» Given information:
-*-
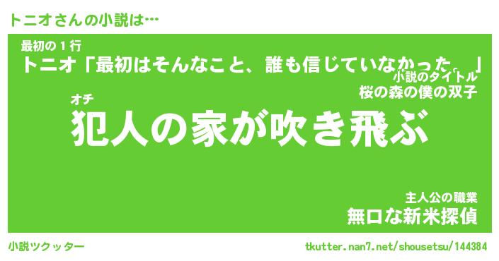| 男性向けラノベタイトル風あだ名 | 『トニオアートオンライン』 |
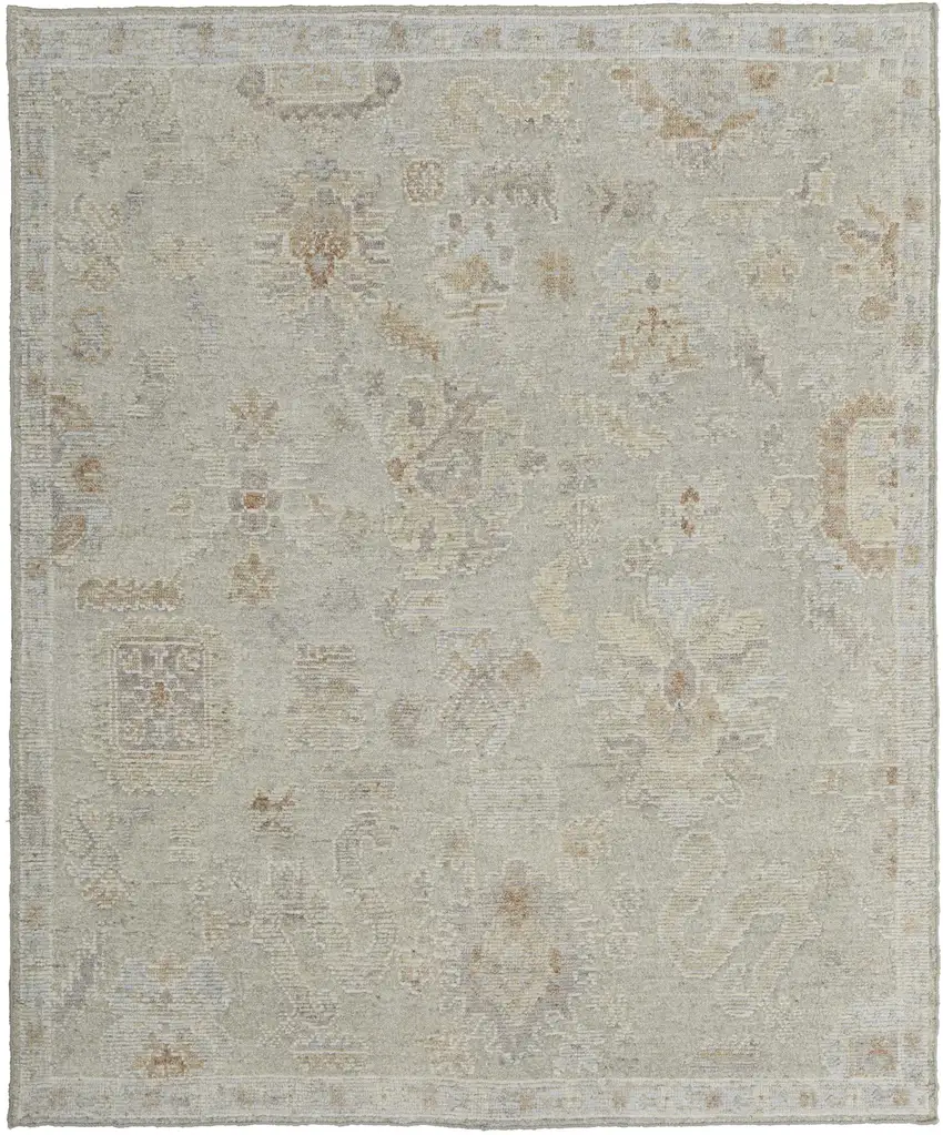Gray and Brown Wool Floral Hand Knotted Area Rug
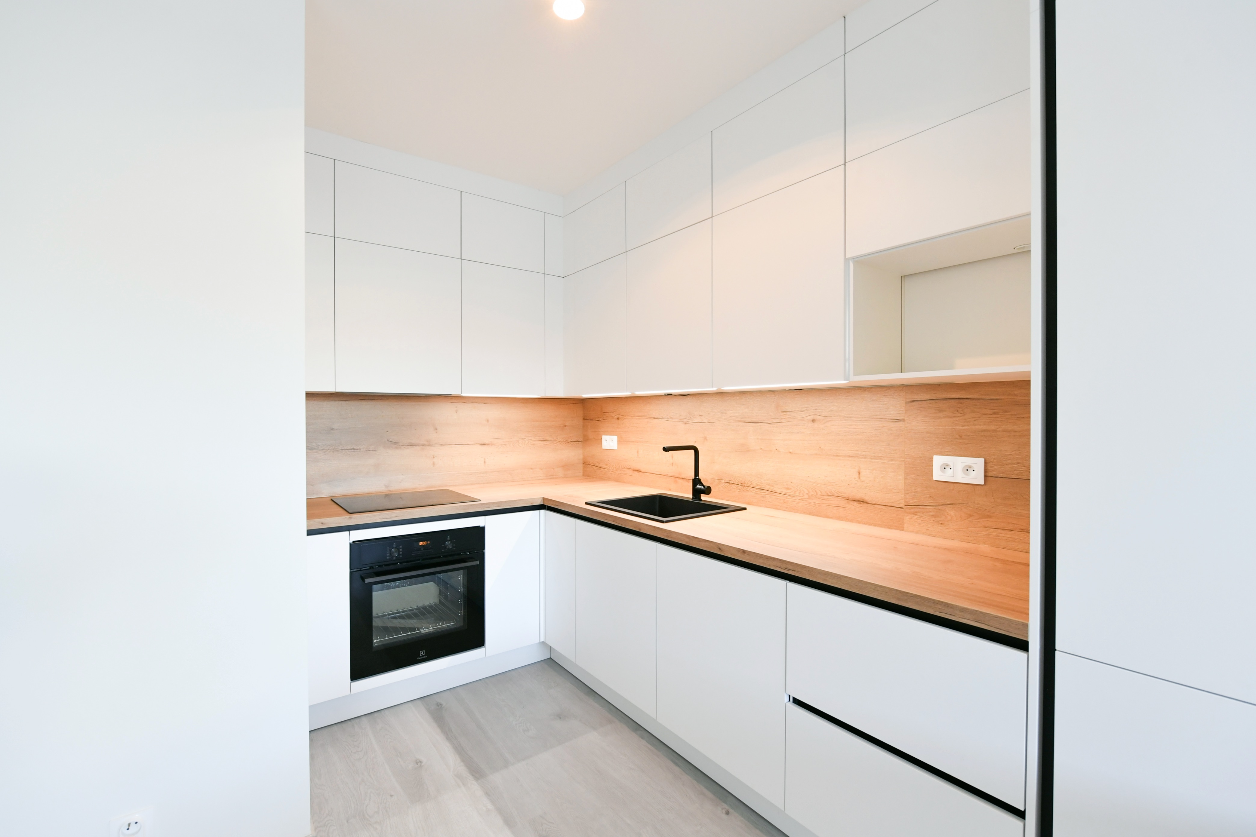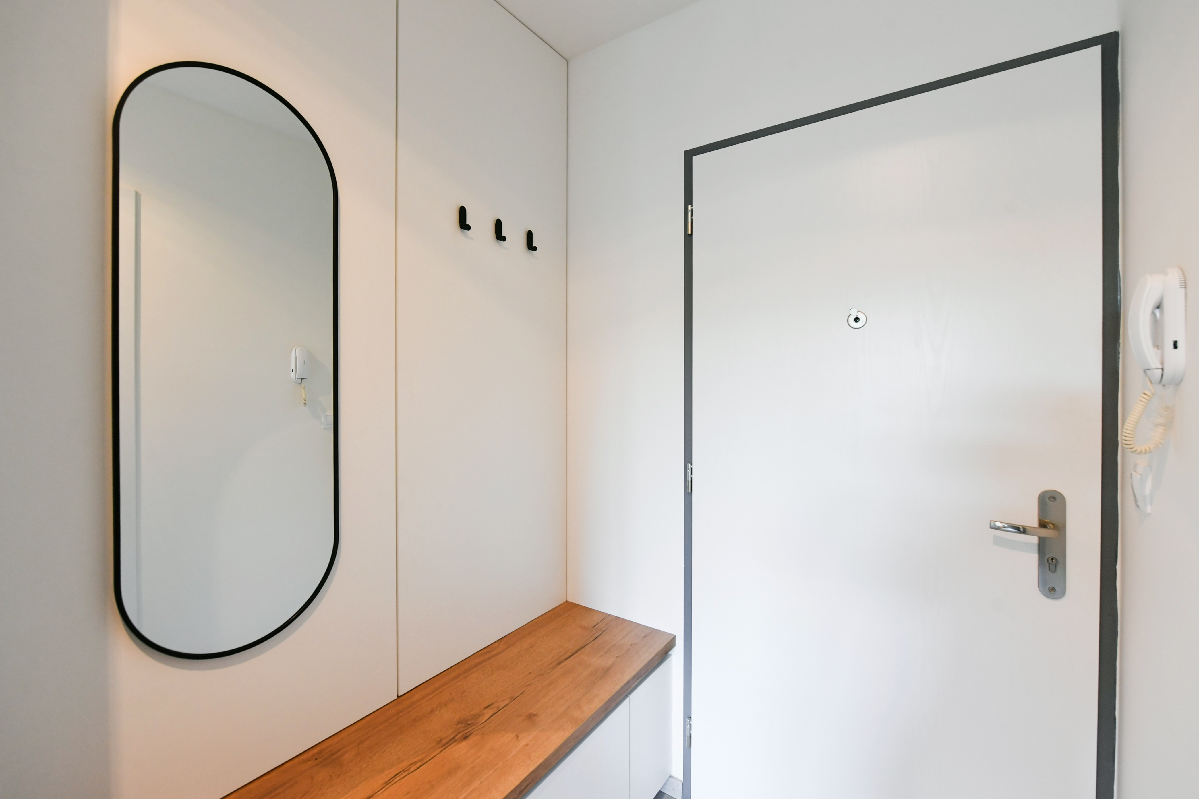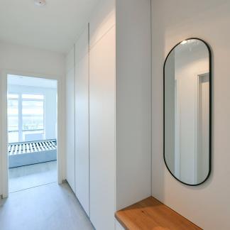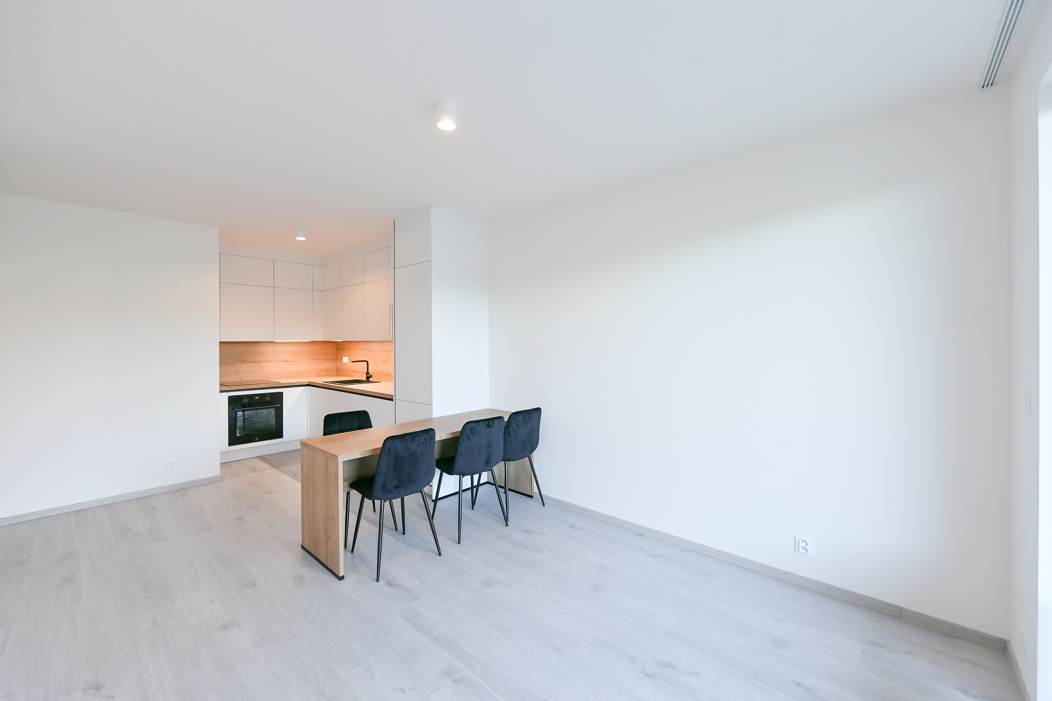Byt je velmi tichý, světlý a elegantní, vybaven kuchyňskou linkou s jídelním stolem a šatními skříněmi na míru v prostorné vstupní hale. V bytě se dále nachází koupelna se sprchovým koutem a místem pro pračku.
-*-
» Task directions: Give back every line of the material exactly as written, but not the pictures.

» Solution for this task:
| 男性向けラノベタイトル風あだ名 | 『トニオアートオンライン』 |
Gray and Brown Wool Floral Hand Knotted Area Rug
Byt je velmi tichý, světlý a elegantní, vybaven kuchyňskou linkou s jídelním stolem a šatními skříněmi na míru v prostorné vstupní hale. V bytě se dále nachází koupelna se sprchovým koutem a místem pro pračku.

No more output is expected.